The president, who has said he runs on little sleep, jumped onto Twitter before dawn Tuesday to rehash his recent complaints about alleged suppression of conservative voices and positive news about him.

Related Article: Las Vegas shooting leaves GOP-backed gun bills in limbo
He followed that up with vague threats in Oval Office comments.

“I think Google has really taken advantage of a lot of people, and I think that’s a very serious thing. That’s a very serious charge,” Trump said, adding that Google, Twitter, Facebook and others “better be careful, because you can’t do that to people.”

Trump claimed that “we have literally thousands and thousands of complaints coming in. … So I think that Google and Twitter and Facebook, they’re really treading on very, very troubled territory and they have to be careful.”

Larry Kudlow, the president’s top economic adviser, told reporters later that the White House is “taking a look” at whether Google searches should be subject to some government regulation. That would be a noteworthy development since Trump often points proudly to his cutting of government regulations as a spur for economic gains.

In his tweets, Trump said — without offering evidence — that “Google search results for ‘Trump News’ shows only the viewing/reporting of Fake New Media.
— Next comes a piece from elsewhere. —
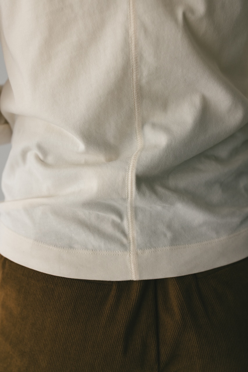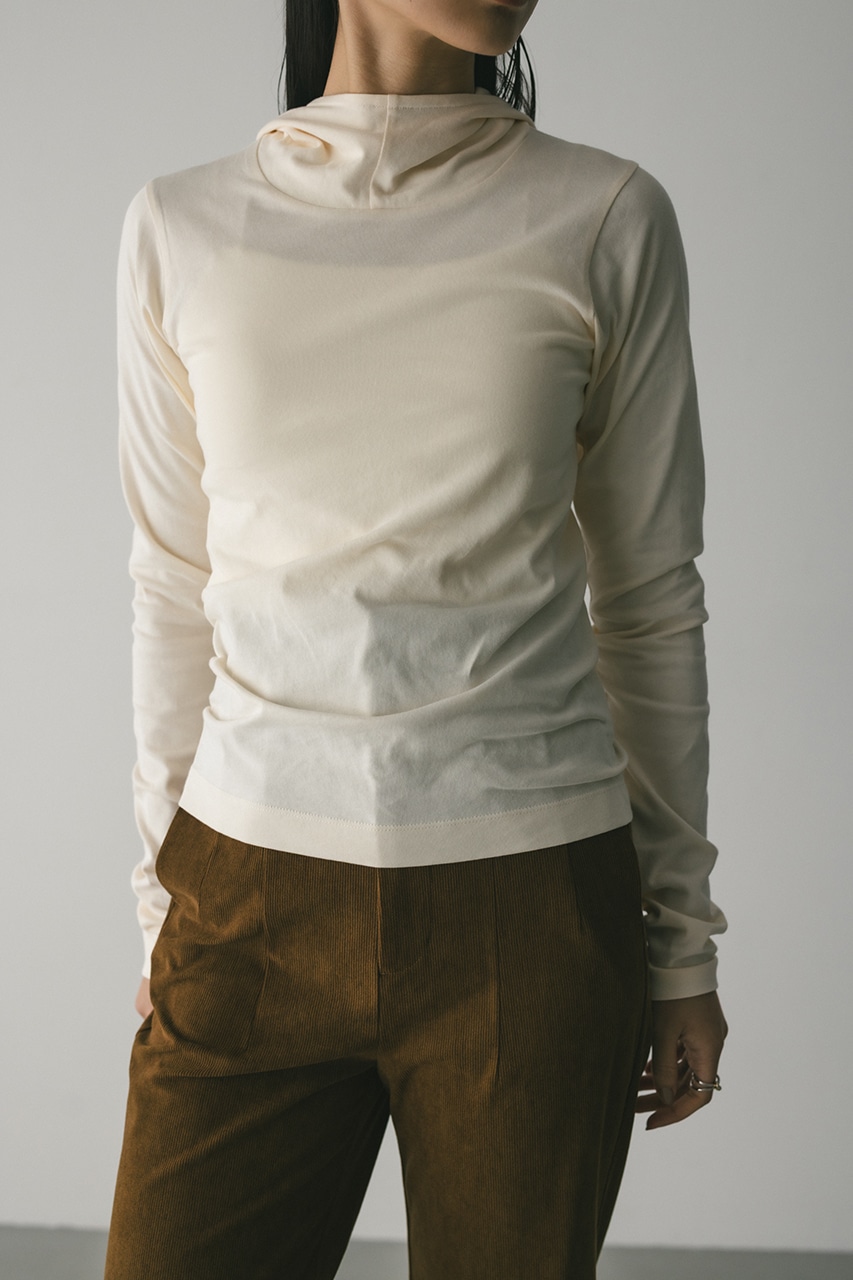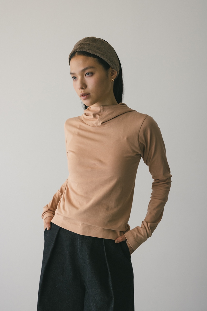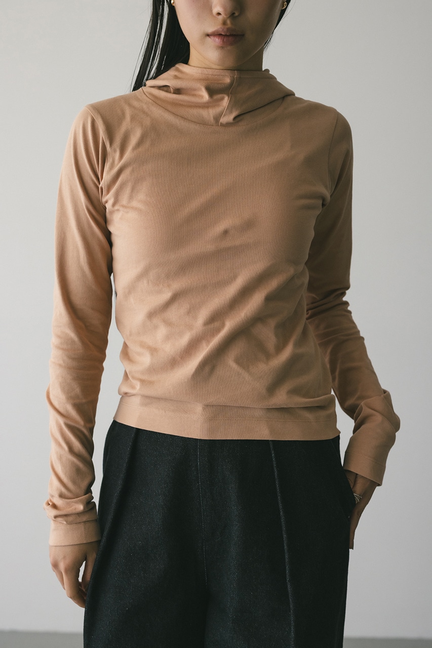 コンパクトなサイズ感のフーディーカットソー。コットン100%の生地ですが、微光沢で毛羽が少ない清涼感のある風合いがポイント。1枚ではもちろん、ジャケットやニットなどのインナーとしていつものコーデにプラスするだけでこなれ感の出るアイテムです。ストレッチなし、透け感ややあり(WHT)。こちらはWEBとThe SHEL’TTER TOKYO店、新宿ルミネエスト店、ららぽーとTOKYOBAY店限定の取り扱いです。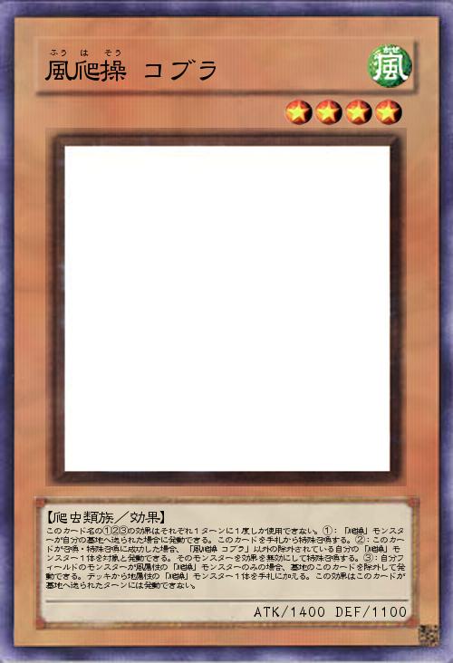 | このカード名の①②③の効果はそれぞれ1ターンに1度しか使用できない。①:「爬操」モンスターが自分の墓地へ送られた場合に発動できる。このカードを手札から特殊召喚する。②:このカードが召喚・特殊召喚に成功した場合、「風爬操 コブラ」以外の除外されている自分の「爬操」モンスター1体を対象と発動できる。そのモンスターを効果を無効にして特殊召喚する。③:自分フィールドのモンスターが風属性の「爬操」モンスターのみの場合、墓地のこのカードを除外して発動できる。デッキから地属性の「爬操」モンスター1体を手札に加える。この効果はこのカードが墓地へ送られたターンには発動できない。 | |||

In other words, they have it RIGGED, for me & others, so that almost all stories & news is BAD. Fake CNN is prominent. Republican/Conservative & Fair Media is shut out. Illegal?” He added, again with no evidence, that “96% of results on “Trump News” are from National Left-Wing Media, very dangerous.”

A search query Tuesday morning, several hours after the president tweeted, showed stories from CNN, ABC News, Fox News and the MarketWatch business site, among others. A similar search later in the day for “Trump” had Fox News, the president’s favored cable network, among the top results.

Google, based in Mountain View, California, said its aim is to make sure its search engine users quickly get the most relevant answers.

“Search is not used to set a political agenda and we don’t bias our results toward any political ideology,” the company said in a statement. “Every year, we issue hundreds of improvements to our algorithms to ensure they surface high-quality content in response to users’ queries. We continually work to improve Google Search and we never rank search results to manipulate political sentiment.”

Experts suggested that Trump’s comments showed a misunderstanding of how search engines work.

Google searches aim to surface the most relevant pages in response to a user’s query, even before he or she finishes typing. The answers that appear first are the ones Google’s formulas, with some help from human content reviewers, deem to be the most authoritative, informative and relevant. Many factors help decide the initial results, including how much time people spend on a page, how many other pages link to it, how well it’s designed and more.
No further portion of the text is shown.